• [WORK TO BE COMPLETED]
Reproduce every record exactly as given.
+--
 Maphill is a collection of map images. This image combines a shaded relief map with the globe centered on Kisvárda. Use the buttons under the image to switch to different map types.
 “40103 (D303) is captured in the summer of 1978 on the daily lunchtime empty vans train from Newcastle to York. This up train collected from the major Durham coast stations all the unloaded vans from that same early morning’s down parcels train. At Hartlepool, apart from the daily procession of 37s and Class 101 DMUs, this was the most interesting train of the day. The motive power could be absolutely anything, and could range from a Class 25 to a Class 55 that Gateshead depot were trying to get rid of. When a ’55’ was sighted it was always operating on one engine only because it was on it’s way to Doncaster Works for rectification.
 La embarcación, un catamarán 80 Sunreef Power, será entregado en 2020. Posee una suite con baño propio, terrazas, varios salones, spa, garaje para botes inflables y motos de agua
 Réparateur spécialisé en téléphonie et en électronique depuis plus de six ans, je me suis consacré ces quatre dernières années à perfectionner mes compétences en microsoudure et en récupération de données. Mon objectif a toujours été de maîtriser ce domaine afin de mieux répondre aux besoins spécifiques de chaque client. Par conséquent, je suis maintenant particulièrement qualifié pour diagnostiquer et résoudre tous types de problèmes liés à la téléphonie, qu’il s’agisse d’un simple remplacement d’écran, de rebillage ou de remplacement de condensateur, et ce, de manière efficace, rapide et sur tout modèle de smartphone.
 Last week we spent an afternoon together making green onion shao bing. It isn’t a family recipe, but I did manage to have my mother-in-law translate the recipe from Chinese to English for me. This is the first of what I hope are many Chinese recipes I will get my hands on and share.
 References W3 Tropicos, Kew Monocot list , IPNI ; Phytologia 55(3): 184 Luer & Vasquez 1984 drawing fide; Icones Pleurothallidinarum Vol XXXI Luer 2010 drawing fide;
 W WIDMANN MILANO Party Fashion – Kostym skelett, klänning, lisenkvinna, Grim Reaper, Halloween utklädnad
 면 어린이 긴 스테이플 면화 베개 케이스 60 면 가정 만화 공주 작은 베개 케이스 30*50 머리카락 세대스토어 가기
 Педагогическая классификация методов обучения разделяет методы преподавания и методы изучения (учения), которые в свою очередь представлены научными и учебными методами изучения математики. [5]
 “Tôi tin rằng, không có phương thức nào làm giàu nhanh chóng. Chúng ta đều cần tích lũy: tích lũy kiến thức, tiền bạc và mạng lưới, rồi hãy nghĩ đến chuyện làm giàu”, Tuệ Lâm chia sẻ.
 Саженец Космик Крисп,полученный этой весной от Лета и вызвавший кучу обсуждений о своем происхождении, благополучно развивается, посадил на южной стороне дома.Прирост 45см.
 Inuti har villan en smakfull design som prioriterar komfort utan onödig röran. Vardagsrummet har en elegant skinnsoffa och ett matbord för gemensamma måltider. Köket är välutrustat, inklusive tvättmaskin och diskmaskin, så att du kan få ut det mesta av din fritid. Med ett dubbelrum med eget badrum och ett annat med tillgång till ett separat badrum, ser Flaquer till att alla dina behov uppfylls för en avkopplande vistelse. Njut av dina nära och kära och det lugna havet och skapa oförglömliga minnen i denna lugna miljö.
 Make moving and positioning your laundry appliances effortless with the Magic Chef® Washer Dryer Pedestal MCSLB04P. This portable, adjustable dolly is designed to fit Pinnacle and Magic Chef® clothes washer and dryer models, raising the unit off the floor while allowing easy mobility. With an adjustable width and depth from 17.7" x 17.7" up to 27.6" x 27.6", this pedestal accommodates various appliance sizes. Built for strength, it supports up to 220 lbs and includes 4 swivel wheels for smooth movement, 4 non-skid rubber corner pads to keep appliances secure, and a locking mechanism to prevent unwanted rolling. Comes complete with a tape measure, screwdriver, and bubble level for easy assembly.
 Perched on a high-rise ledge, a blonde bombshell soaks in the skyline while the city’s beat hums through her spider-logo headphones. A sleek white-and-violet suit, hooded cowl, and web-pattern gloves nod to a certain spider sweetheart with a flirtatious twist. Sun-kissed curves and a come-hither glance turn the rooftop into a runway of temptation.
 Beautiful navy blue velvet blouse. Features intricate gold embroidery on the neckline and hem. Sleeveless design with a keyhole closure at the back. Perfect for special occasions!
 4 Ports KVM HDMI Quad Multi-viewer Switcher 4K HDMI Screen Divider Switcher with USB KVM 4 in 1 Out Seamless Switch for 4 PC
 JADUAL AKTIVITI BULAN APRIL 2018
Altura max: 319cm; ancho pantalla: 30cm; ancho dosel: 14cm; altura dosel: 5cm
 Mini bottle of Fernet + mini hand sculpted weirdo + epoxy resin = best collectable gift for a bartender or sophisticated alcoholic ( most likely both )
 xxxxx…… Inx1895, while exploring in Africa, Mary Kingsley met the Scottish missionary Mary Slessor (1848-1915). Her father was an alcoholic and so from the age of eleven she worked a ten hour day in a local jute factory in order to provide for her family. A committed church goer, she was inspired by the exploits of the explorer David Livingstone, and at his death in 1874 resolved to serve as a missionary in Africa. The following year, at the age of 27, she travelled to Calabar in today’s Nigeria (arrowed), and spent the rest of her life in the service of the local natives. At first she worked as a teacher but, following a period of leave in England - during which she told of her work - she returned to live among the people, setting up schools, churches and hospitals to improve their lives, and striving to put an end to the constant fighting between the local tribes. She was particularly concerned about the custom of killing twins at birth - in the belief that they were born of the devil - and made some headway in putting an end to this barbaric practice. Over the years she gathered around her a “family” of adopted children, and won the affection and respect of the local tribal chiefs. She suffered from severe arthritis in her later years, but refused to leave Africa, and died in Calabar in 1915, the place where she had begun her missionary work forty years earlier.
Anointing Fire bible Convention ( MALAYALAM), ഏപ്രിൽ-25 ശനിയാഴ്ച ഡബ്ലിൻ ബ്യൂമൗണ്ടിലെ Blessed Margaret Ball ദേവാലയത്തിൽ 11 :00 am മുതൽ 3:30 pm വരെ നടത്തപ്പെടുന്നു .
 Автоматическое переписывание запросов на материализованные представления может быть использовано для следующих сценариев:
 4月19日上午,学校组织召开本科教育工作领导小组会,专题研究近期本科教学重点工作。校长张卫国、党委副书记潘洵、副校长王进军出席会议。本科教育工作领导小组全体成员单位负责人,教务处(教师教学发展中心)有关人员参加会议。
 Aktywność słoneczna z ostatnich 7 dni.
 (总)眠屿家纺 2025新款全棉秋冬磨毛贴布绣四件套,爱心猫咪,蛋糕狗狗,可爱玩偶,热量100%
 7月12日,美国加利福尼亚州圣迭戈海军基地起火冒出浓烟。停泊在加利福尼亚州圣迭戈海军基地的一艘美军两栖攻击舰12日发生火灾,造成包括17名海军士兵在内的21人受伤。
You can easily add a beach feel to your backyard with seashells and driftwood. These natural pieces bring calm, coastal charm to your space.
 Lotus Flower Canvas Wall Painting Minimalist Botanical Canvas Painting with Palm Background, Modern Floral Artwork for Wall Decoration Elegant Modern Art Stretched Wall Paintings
+--
• [TASK RESPONSE]
 Maphill is a collection of map images. This image combines a shaded relief map with the globe centered on Kisvárda. Use the buttons under the image to switch to different map types.
 “40103 (D303) is captured in the summer of 1978 on the daily lunchtime empty vans train from Newcastle to York. This up train collected from the major Durham coast stations all the unloaded vans from that same early morning’s down parcels train. At Hartlepool, apart from the daily procession of 37s and Class 101 DMUs, this was the most interesting train of the day. The motive power could be absolutely anything, and could range from a Class 25 to a Class 55 that Gateshead depot were trying to get rid of. When a ’55’ was sighted it was always operating on one engine only because it was on it’s way to Doncaster Works for rectification.
 La embarcación, un catamarán 80 Sunreef Power, será entregado en 2020. Posee una suite con baño propio, terrazas, varios salones, spa, garaje para botes inflables y motos de agua
 Réparateur spécialisé en téléphonie et en électronique depuis plus de six ans, je me suis consacré ces quatre dernières années à perfectionner mes compétences en microsoudure et en récupération de données. Mon objectif a toujours été de maîtriser ce domaine afin de mieux répondre aux besoins spécifiques de chaque client. Par conséquent, je suis maintenant particulièrement qualifié pour diagnostiquer et résoudre tous types de problèmes liés à la téléphonie, qu’il s’agisse d’un simple remplacement d’écran, de rebillage ou de remplacement de condensateur, et ce, de manière efficace, rapide et sur tout modèle de smartphone.
 Last week we spent an afternoon together making green onion shao bing. It isn’t a family recipe, but I did manage to have my mother-in-law translate the recipe from Chinese to English for me. This is the first of what I hope are many Chinese recipes I will get my hands on and share.
 References W3 Tropicos, Kew Monocot list , IPNI ; Phytologia 55(3): 184 Luer & Vasquez 1984 drawing fide; Icones Pleurothallidinarum Vol XXXI Luer 2010 drawing fide;
 W WIDMANN MILANO Party Fashion – Kostym skelett, klänning, lisenkvinna, Grim Reaper, Halloween utklädnad
 면 어린이 긴 스테이플 면화 베개 케이스 60 면 가정 만화 공주 작은 베개 케이스 30*50 머리카락 세대스토어 가기
 Педагогическая классификация методов обучения разделяет методы преподавания и методы изучения (учения), которые в свою очередь представлены научными и учебными методами изучения математики. [5]
 “Tôi tin rằng, không có phương thức nào làm giàu nhanh chóng. Chúng ta đều cần tích lũy: tích lũy kiến thức, tiền bạc và mạng lưới, rồi hãy nghĩ đến chuyện làm giàu”, Tuệ Lâm chia sẻ.
 Саженец Космик Крисп,полученный этой весной от Лета и вызвавший кучу обсуждений о своем происхождении, благополучно развивается, посадил на южной стороне дома.Прирост 45см.
 Inuti har villan en smakfull design som prioriterar komfort utan onödig röran. Vardagsrummet har en elegant skinnsoffa och ett matbord för gemensamma måltider. Köket är välutrustat, inklusive tvättmaskin och diskmaskin, så att du kan få ut det mesta av din fritid. Med ett dubbelrum med eget badrum och ett annat med tillgång till ett separat badrum, ser Flaquer till att alla dina behov uppfylls för en avkopplande vistelse. Njut av dina nära och kära och det lugna havet och skapa oförglömliga minnen i denna lugna miljö.
 Make moving and positioning your laundry appliances effortless with the Magic Chef® Washer Dryer Pedestal MCSLB04P. This portable, adjustable dolly is designed to fit Pinnacle and Magic Chef® clothes washer and dryer models, raising the unit off the floor while allowing easy mobility. With an adjustable width and depth from 17.7" x 17.7" up to 27.6" x 27.6", this pedestal accommodates various appliance sizes. Built for strength, it supports up to 220 lbs and includes 4 swivel wheels for smooth movement, 4 non-skid rubber corner pads to keep appliances secure, and a locking mechanism to prevent unwanted rolling. Comes complete with a tape measure, screwdriver, and bubble level for easy assembly.
 Perched on a high-rise ledge, a blonde bombshell soaks in the skyline while the city’s beat hums through her spider-logo headphones. A sleek white-and-violet suit, hooded cowl, and web-pattern gloves nod to a certain spider sweetheart with a flirtatious twist. Sun-kissed curves and a come-hither glance turn the rooftop into a runway of temptation.
 Beautiful navy blue velvet blouse. Features intricate gold embroidery on the neckline and hem. Sleeveless design with a keyhole closure at the back. Perfect for special occasions!
 4 Ports KVM HDMI Quad Multi-viewer Switcher 4K HDMI Screen Divider Switcher with USB KVM 4 in 1 Out Seamless Switch for 4 PC
 JADUAL AKTIVITI BULAN APRIL 2018
Altura max: 319cm; ancho pantalla: 30cm; ancho dosel: 14cm; altura dosel: 5cm
 Mini bottle of Fernet + mini hand sculpted weirdo + epoxy resin = best collectable gift for a bartender or sophisticated alcoholic ( most likely both )
 xxxxx…… Inx1895, while exploring in Africa, Mary Kingsley met the Scottish missionary Mary Slessor (1848-1915). Her father was an alcoholic and so from the age of eleven she worked a ten hour day in a local jute factory in order to provide for her family. A committed church goer, she was inspired by the exploits of the explorer David Livingstone, and at his death in 1874 resolved to serve as a missionary in Africa. The following year, at the age of 27, she travelled to Calabar in today’s Nigeria (arrowed), and spent the rest of her life in the service of the local natives. At first she worked as a teacher but, following a period of leave in England - during which she told of her work - she returned to live among the people, setting up schools, churches and hospitals to improve their lives, and striving to put an end to the constant fighting between the local tribes. She was particularly concerned about the custom of killing twins at birth - in the belief that they were born of the devil - and made some headway in putting an end to this barbaric practice. Over the years she gathered around her a “family” of adopted children, and won the affection and respect of the local tribal chiefs. She suffered from severe arthritis in her later years, but refused to leave Africa, and died in Calabar in 1915, the place where she had begun her missionary work forty years earlier.
Anointing Fire bible Convention ( MALAYALAM), ഏപ്രിൽ-25 ശനിയാഴ്ച ഡബ്ലിൻ ബ്യൂമൗണ്ടിലെ Blessed Margaret Ball ദേവാലയത്തിൽ 11 :00 am മുതൽ 3:30 pm വരെ നടത്തപ്പെടുന്നു .
 Автоматическое переписывание запросов на материализованные представления может быть использовано для следующих сценариев:
 4月19日上午,学校组织召开本科教育工作领导小组会,专题研究近期本科教学重点工作。校长张卫国、党委副书记潘洵、副校长王进军出席会议。本科教育工作领导小组全体成员单位负责人,教务处(教师教学发展中心)有关人员参加会议。
 Aktywność słoneczna z ostatnich 7 dni.
 (总)眠屿家纺 2025新款全棉秋冬磨毛贴布绣四件套,爱心猫咪,蛋糕狗狗,可爱玩偶,热量100%
 7月12日,美国加利福尼亚州圣迭戈海军基地起火冒出浓烟。停泊在加利福尼亚州圣迭戈海军基地的一艘美军两栖攻击舰12日发生火灾,造成包括17名海军士兵在内的21人受伤。
You can easily add a beach feel to your backyard with seashells and driftwood. These natural pieces bring calm, coastal charm to your space.
 Lotus Flower Canvas Wall Painting Minimalist Botanical Canvas Painting with Palm Background, Modern Floral Artwork for Wall Decoration Elegant Modern Art Stretched Wall Paintings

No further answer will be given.